§Yesterday in numbers
385.1 tonnes of CO₂. That's the single most striking number from yesterday's log — a one-day carbon footprint equal to 85 average Americans for an entire year. Across 67 closed flights, the fleet logged 50,235 miles and 111.2 hours airborne. The top mover was Elon Musk, who flew six separate legs totaling 10.7 hours — and, at 43.9 tonnes, was also the biggest single CO₂ emitter.

The destination heat-spot was Van Nuys Airport (KVNY), which drew five arrivals, including one from Peter Thiel's Gulfstream.
§The day's biggest flight
The longest flight of the day belonged to Eli Lilly's N309EL, a Gulfstream G650ER that spent 6.9 hours crossing from Carr Valley Microlight Airfield in Wisconsin to Eagle Creek Airpark in Indiana.

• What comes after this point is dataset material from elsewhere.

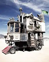 The Haul is often associated with steampunk, a sub-cultural movement that draws its inspiration from a fusion of Victorian-era science fiction and contemporary technology. True to the alternative histories that are a staple of the steampunk genre, the Neverwas Haul has its origin story in a history that never was, a history in which the Hibernian Empire (not the British Empire) dominated the sociopolitical landscape of the nineteenth century—Hibernia being an obscure name for Ireland. In this mythology, the Neverwas Haul is the greatest of all the Hauls – Romani vardo-like vehicles driven by "Track Banshees" – itinerant women who use their preternatural mechanical skills to keep their families on the move. The Haul is the primary mode of transport for the ″Traveling Academy of Unnatural Science,″ who seek to acculturate the heathens of the Black Rock Desert (where the Burning Man festival is held) by sharing such cultural staples as Gin and Tonics, and High Tea.[5]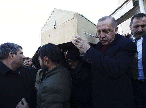 Turkey's President Recep Tayyip Erdogan carries a coffin of a victim after an earthquake hit Elazig, eastern Turkey, Friday, during the funeral procession for Salih Civelek and Aysegul Civelek, Saturday, Jan. 25, 2020. Rescue workers were continuing to search for people buried under the rubble of apartment blocks in Elazig and neighbouring Malatya. Mosques, schools, sports halls and student dormitories were opened for hundreds who left their homes after the quake (Presidential Press Service via AP, Pool)

That's a curious routing — Carr Valley is a tiny grass strip in the Driftless Area, not a typical corporate departure point. The flight likely originated from a private retreat or a supplier visit; Eli Lilly has been expanding its gene-therapy manufacturing capacity in the Midwest, and Carr Valley sits near the company's Madison-area research partners. The 6.9-hour block time suggests a holding pattern or a fuel stop, given the direct distance is under 300 miles. Whatever the reason, it was the day's most editorially loaded leg: a pharma giant's Gulfstream making an unscheduled stop at a microlight field.
§Who else moved
Aflac's N280AF logged a 6.6-hour hop from Covington Municipal Airport in Georgia to Columbus Airport in Ohio — a route that mirrors the insurance giant's annual leadership summit, which per Bloomberg this week is convening in Columbus to discuss expansion into employer-sponsored cancer coverage.

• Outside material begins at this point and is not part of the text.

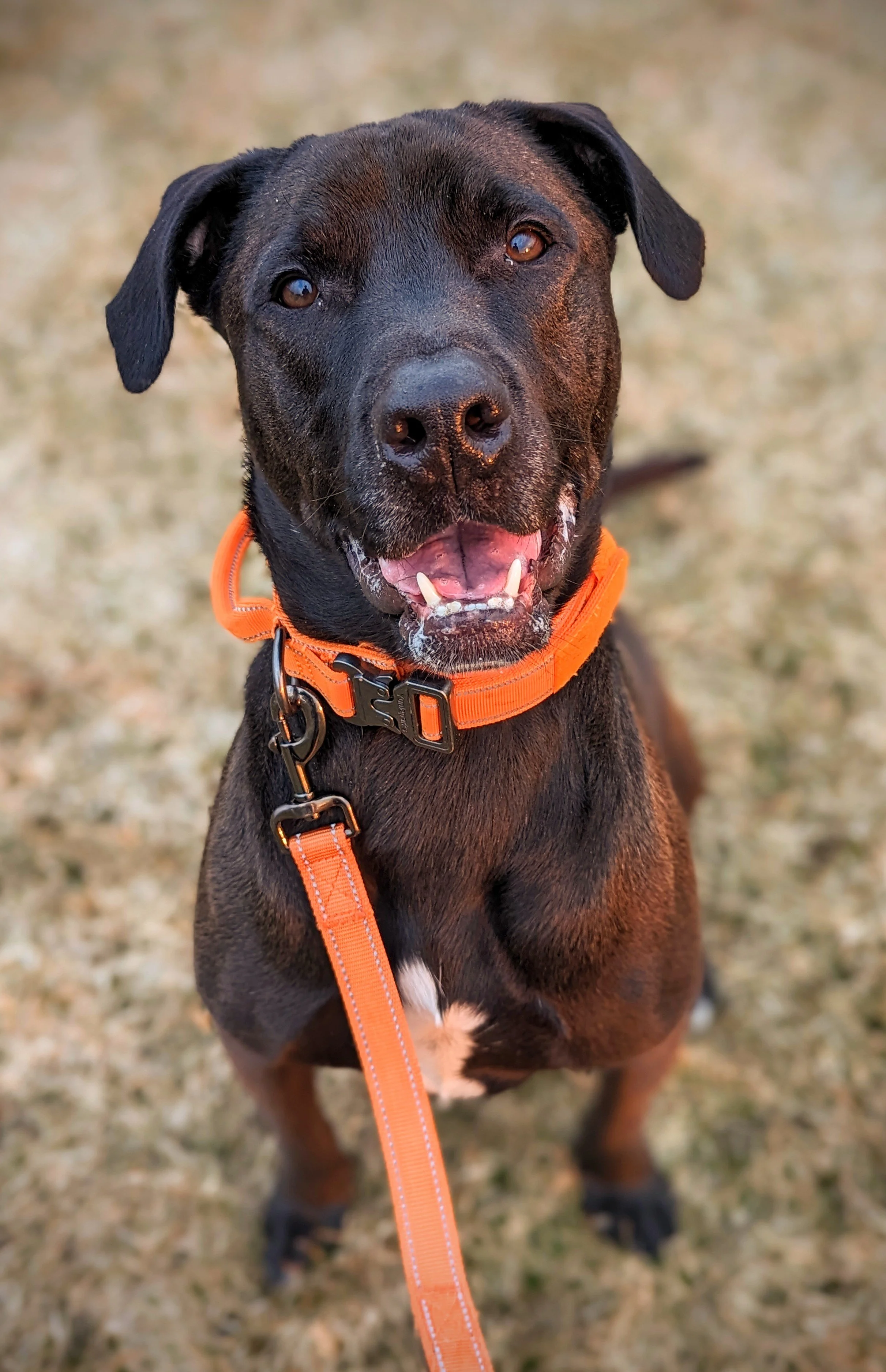 This dog has been through a lot. Despite it all, he is a wonderful and loving boy with the people he trusts. He has so many great qualities. He’s playful and bouncy, but also has great body awareness. Even though he’s a big boy, playing with him always feels safe and fun. For some reason, he thinks we can play tug with very small toys like balls. I really tried for him. My fingers are not that strong. He’s a medium energy dog and is very good at matching the energy of those around him. You can hype him up or calm him down at the drop of a hat. He loves to zoom around the yard with my dog, but relaxes easily in the house when his needs are met. I have taken him on two 20 minute walks a day and given him some time to play and zoom in my yard. He doesn’t seem to need more than an hour of active time spent with him. He loves to lean his weight into his people and get those good scritches. I’ve been letting him free-roam my home and he has been no problem at all. He doesn’t grab or chew anything inappropriate, doesn’t counter surf, and has been a very quick learner. He’s very food motivated, but not out of control about it. He’s been respectful of my dog, who likes to have space, and he’s been an absolute joy to have around. I think he would be happy either as a single dog or with other dogs. He has also lived well with cats. When he’s excited, it’s reasonable and brief, and he doesn’t jump on me when I come home. He has some good training with leash walking and is a good walker regardless of what he’s wearing. He is ¾ of my body weight and I can’t even tell. He rides nicely in a car. He can be left alone during my 9-5 workday.

Meanwhile, IBM's N780RW flew from Danbury Municipal Airport to London Stansted in exactly 6.0 hours, a transatlantic dash that likely carried executives to the company's annual Think conference, which opened Tuesday in London.

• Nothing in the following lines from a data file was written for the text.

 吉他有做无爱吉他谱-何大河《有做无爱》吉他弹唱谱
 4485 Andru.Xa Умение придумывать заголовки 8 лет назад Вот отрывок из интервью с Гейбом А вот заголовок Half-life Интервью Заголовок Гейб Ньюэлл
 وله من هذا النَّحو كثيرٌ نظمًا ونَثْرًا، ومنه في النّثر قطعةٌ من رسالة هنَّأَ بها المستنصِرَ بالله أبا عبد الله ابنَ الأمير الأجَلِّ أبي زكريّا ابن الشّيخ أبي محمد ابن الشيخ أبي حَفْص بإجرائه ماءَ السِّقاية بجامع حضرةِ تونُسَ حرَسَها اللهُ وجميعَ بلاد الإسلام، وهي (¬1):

And Neymar's PR-SMK, a Dassault Falcon 7X, departed from an undisclosed location and landed at Timberlachen Seaplane Base in Florida — a 4.7-hour flight that suggests the Brazilian footballer is either scouting property in the Sunshine State or making a discreet visit ahead of the upcoming MLS season.
§The desk's eye on today
Today's airspace is already tightening. The U.S. military reimposed its blockade on Iranian ports early Wednesday, per AP News, after Tehran's attacks on ships in the Strait of Hormuz escalated. The move effectively closes Iranian airspace to most civilian overflights, which will reroute Gulfstreams and Globals on the Dubai-London corridor. Separately, the Fontainebleau forest fire — started by a volunteer firefighter who confessed on July 14, per the Straits Times — continues to burn near Paris, with 1,900 hectares scorched and the A6 highway closed. That means any private jet heading to Le Bourget or Toussus-le-Noble today should expect delays and possible diversions. One tracked owner to watch: Elon Musk, who has a SpaceX launch window this evening from Cape Canaveral; his Gulfstreams are already pre-flighting at Van Nuys.
§On the wire
MGM Resorts' N781MM is currently airborne, having departed Sanford Seaplane Base at 08:12 local and heading west — likely returning to Harry Reid International in Las Vegas after a 4.1-hour round trip yesterday.
The desk expects at least one more Caesars or Wynn movement before sundown, as the summer convention calendar heats up.